Fue entonces que lo vi. Daniel, parado en la puerta como si nada. Al menos alguien sensato en este lío. Papá, por supuesto, lo ignoró y subió las escaleras como alma que lleva el diablo.
—¿Daniel?— le dije, acercándome.
—Señorita Méndez, o mejor dicho… ¿Señora Montgomery?— respondió, con una sonrisa socarrona.
—Cállate, Daniel. Y dime Valeria—, le espeté, dándole un pequeño golpe en el hombro. Él solo se rió, como siempre.
—Ethan quiere verte a solas otra vez—, dijo, dejándome helada.
—¿Qué? Pero eso no está permitido, ¿o sí?— le pregunté, cruzándome de brazos otra vez.
—No, pero él lo quiere así—, contestó con un encogimiento de hombros. Suspiré.
—Bueno, entonces que venga mañana en la mañana—, dije, sin ganas de discutir.
—Hecho—, respondió antes de salir por la puerta como si nada. Lo vi irse en el ascensor justo cuando mi papá bajaba las escaleras de regreso.
—Siento lo de hace rato—, le dije a mi papá, intentando suavizar las cosas. —No quería gritarte así.
Él me miró con algo de ternura, lo cual no era muy común.
—No pasa nada, hija. Te entiendo—, me dijo antes de abrazarme.
Poco después, se fue. Cerré la puerta y me quedé ahí un momento, suspirando. El departamento estaba en un desastre, así que me puse a recoger un poco. Pero mi mente seguía dando vueltas.
¿Cómo se imaginaba papá que esto iba a funcionar? Desde niña sabía que eventualmente tendría que casarme, pero ahora… ahora era real. No había escapatoria.
Ya con la sala decente, me puse una camisa larga y me dejé caer en el sofá otra vez. Me recogí el cabello en un moño mientras encendía la televisión.
*
Al día siguiente me levanté temprano, todavía medio dormida pero con ese peso constante en el pecho. Fui directo a la ducha, dejando que el agua caliente me despejara. Después de vestirme, me paré frente al clóset, evaluando mi arsenal.
Ethan llegaría en cualquier momento, y ya sabía que lo que me pusiera iba a sacarle algún comentario. Me reí para mis adentros. Hoy, quería jugar un poco.
Saqué unos jeans negros ajustados y un top n***o de manga larga, sencillo pero con actitud. Completo el look con mis tacones. Listo.

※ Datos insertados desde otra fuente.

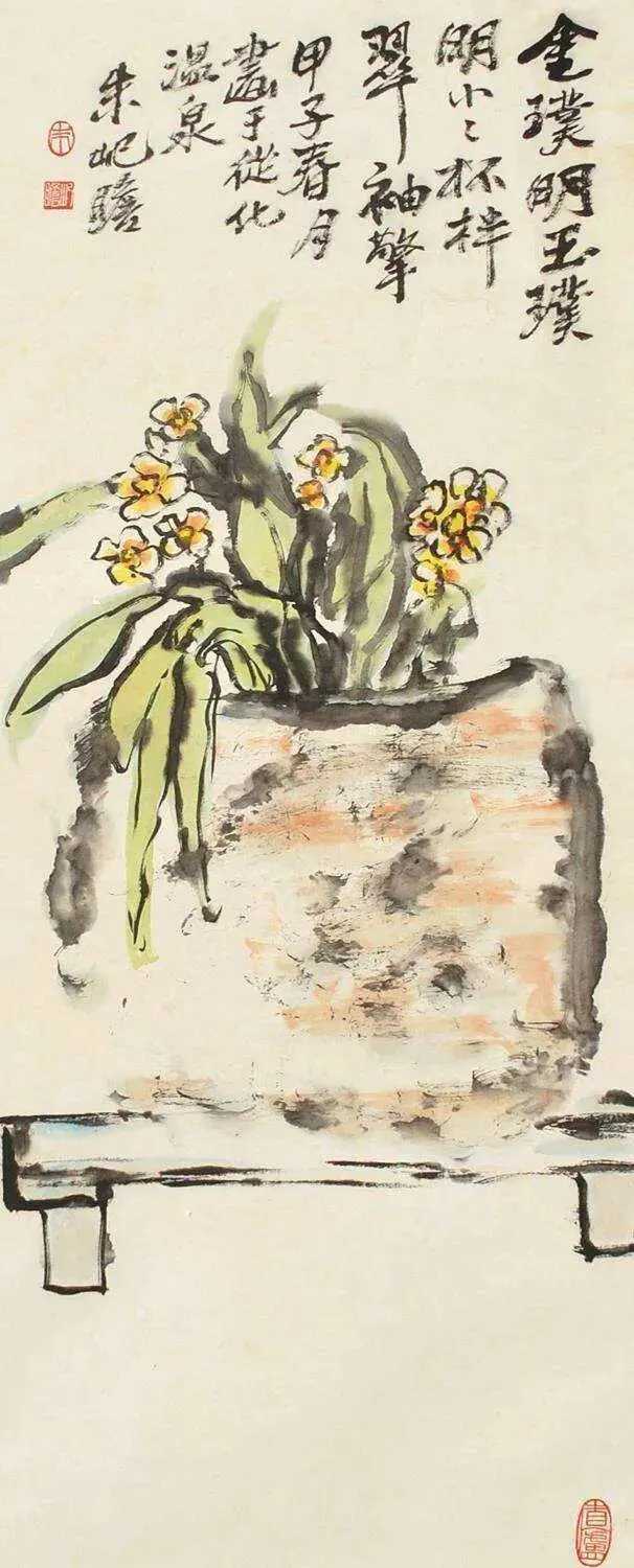 朱屺瞻 凌波仙子。朱屺瞻系我国著名的寿星画家,画坛的一代宗师。曾两度赴日本学习油
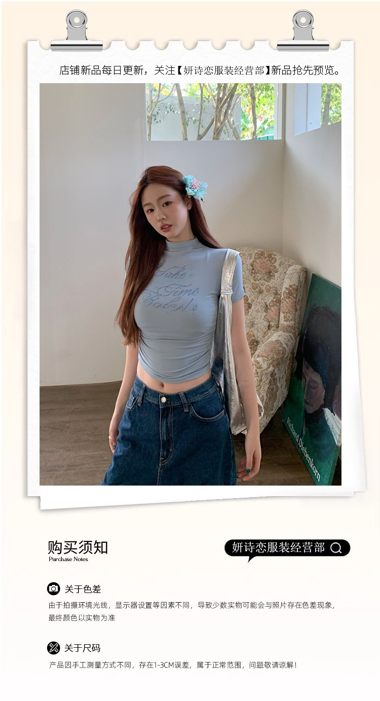 2025년 여름 여성을 위한 핫 다이아몬드 하프 터틀넥 반팔 티셔츠 디자인, 새로운 다용도 짧은 슬림핏 탑 트렌디스토어 가기
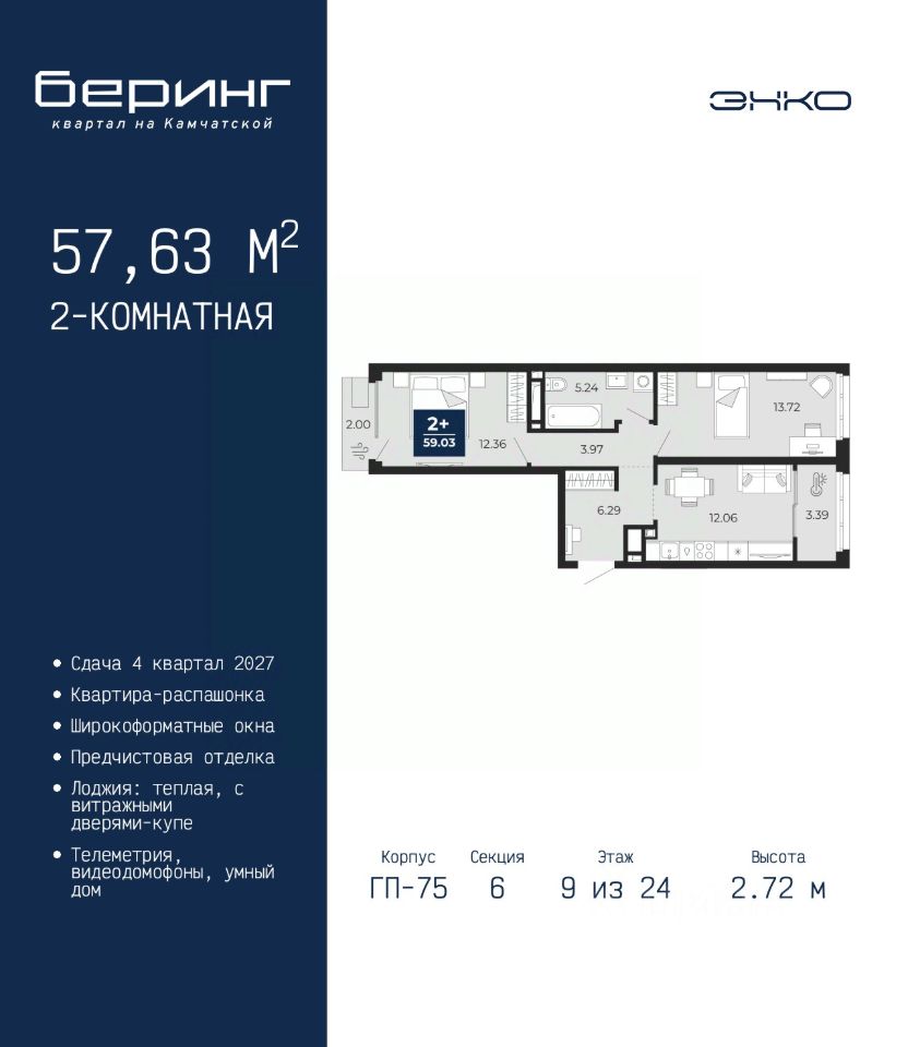Просторная 2-комн. квартира с предчистовой отделкой в ЖК ''Беринг'' на 2 этаже. Общая площадь: 58.88 кв.м., жилая: 26.08 кв.м., площадь просторной кухни-столовой: 12.06 кв.м. Квартира - распашонка, без проходных комнат, окна выходят на paзные стороны дома. В квартире один балкон и одна лоджия, один совмещенный санузел. Высота потолков 2.72 м. Дом монолитный, многоподъездный, переменной этажности, от 17 до 24 этажей. Квартира находится в 3-й секции высотой 24 этажа в корпусе ГП-75. На этаже 6 квартир. В подъезде 2 пассажирских и 1 грузовой лифт. Окончание строительства - 4 квартал 2027 года. Оформление сделки по договору долевого участия. Подобно знаменитому исследователю, мы чувствуем себя первооткрывателями этой локации. Хотим показать новую суть места, сформировать для вас жизненный опыт, которого ещё не было. Беринг — район зелёного цвета. Беринг — район, который откроется вам с другой стороны. Впечатлит новым уровнем комфорта и качеством жизни. Беринг — открытие на карте города. Первый квартал расположен в районе Тура, в границах улиц: Камчатская Западносибирская Энтузиастов. Вокруг уже есть всё для того, чтобы ежедневная рутина была лишь частью жизни и не доставляла дискомфорта. Школы и детские сады, магазины и аптеки, поликлиника, места для семейного отдыха, пеших и велопрогулок, и даже рыбалки. Масштабное озеленение дворов — визитная карточка ЭНКО и ваш оазис спокойствия, чтобы отвлечься от повседневности. Раскидистые деревья, кустарники, травы и цветы — осталось остановиться, вдохнуть и расслабиться, глядя на эту природную красоту. Стилистика подъездов продолжает концепцию Беринга, вдохновлённого Камчаткой: сдержанный, но при этом впечатляющий дизайн соседствует с удобством и функциональностью. #2mg995
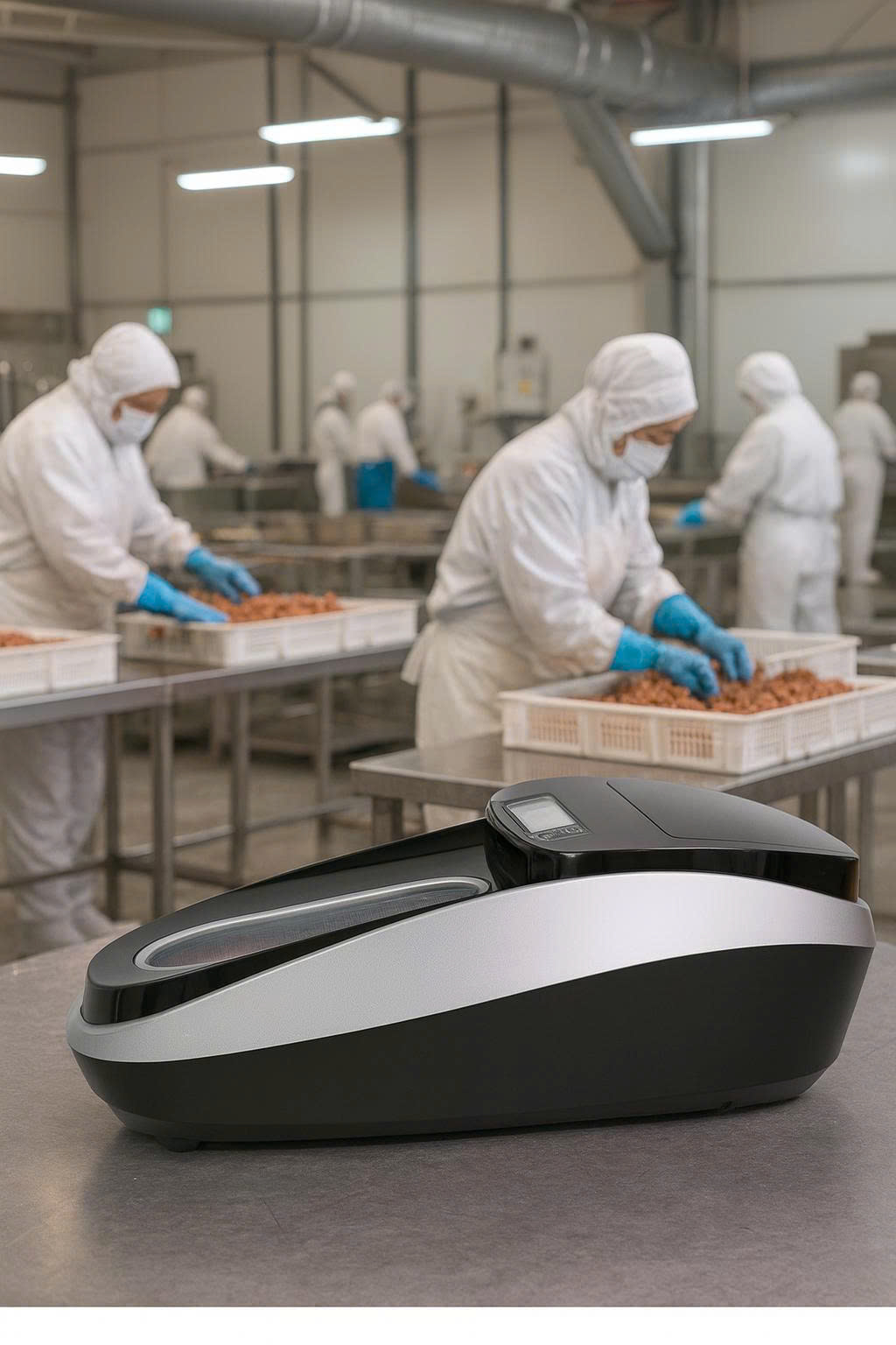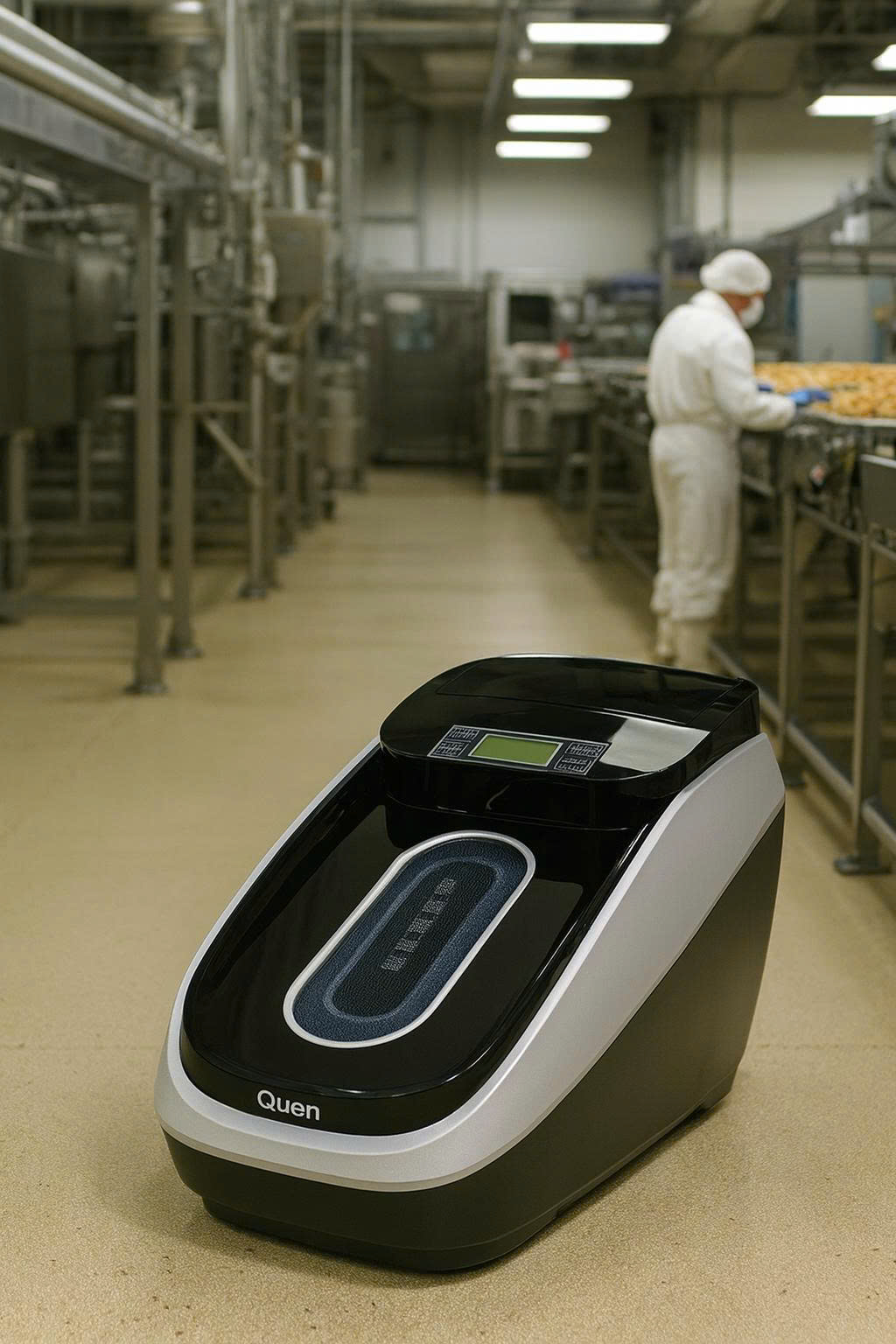 Máy bọc giày Quen XT-46C là thiết bị chuyên dụng sử dụng công nghệ co nhiệt để tự động bọc màng film vệ sinh quanh đế giày, giúp loại bỏ hoàn toàn bụi bẩn và vi khuẩn chỉ trong khoảng 3 giây. Với thiết kế nhỏ gọn (78x44x32 cm, trọng lượng 21kg), máy dễ dàng lắp đặt tại lối vào khu vực sản xuất, phòng sạch hoặc kho nguyên liệu. Dưới đây là các ứng dụng cụ thể trong ngành thực phẩm:
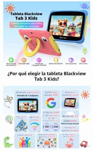 Tableta Blackview Tab 3 Kids de 7 pulgadas. Ideal para los más pequeños. - Pantalla táctil. - Asa portátil. - Control parental. - Modo eBook. - Conexión Wi-Fi 2.4G. REF2025309
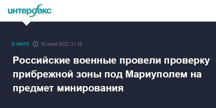 Москва. 16 июля. INTERFAX.RU - Инженерные подразделения Новороссийской военно-морской базы Черноморского флота и инженерного соединения Южного военного округа выполнили проверку более 5 км береговой линии в районе поселка Мелекино под Мариуполем, сообщили "Интерфаксу" в пресс-службе ЮВО.

—No queremos incomodarlo otra vez, ¿cierto?— dije para mí misma, con una sonrisa traviesa.
Bajé las escaleras revisando el celular, maquillada y lista para el show. En la cocina, me preparé un café, pero mi mente seguía en Ethan, aunque odiara admitirlo. No era feo, claro que no, pero su personalidad... ¡Ugh! Esa frialdad, esa actitud de superioridad, como si siempre tuviera el control.
Un golpe en la puerta me sacó de mis pensamientos. Miré hacia allá y caminé rápido para abrir.
—¿Daniel?— pregunté, arqueando una ceja.
—Ethan está aquí—, informó.
—Déjalo pasar.
Me alejé mientras escuchaba la puerta abrirse y, poco después, sentí su presencia. Ethan había llegado. Pero no iba a dársela tan fácil, así que seguí caminando, ignorándolo a propósito.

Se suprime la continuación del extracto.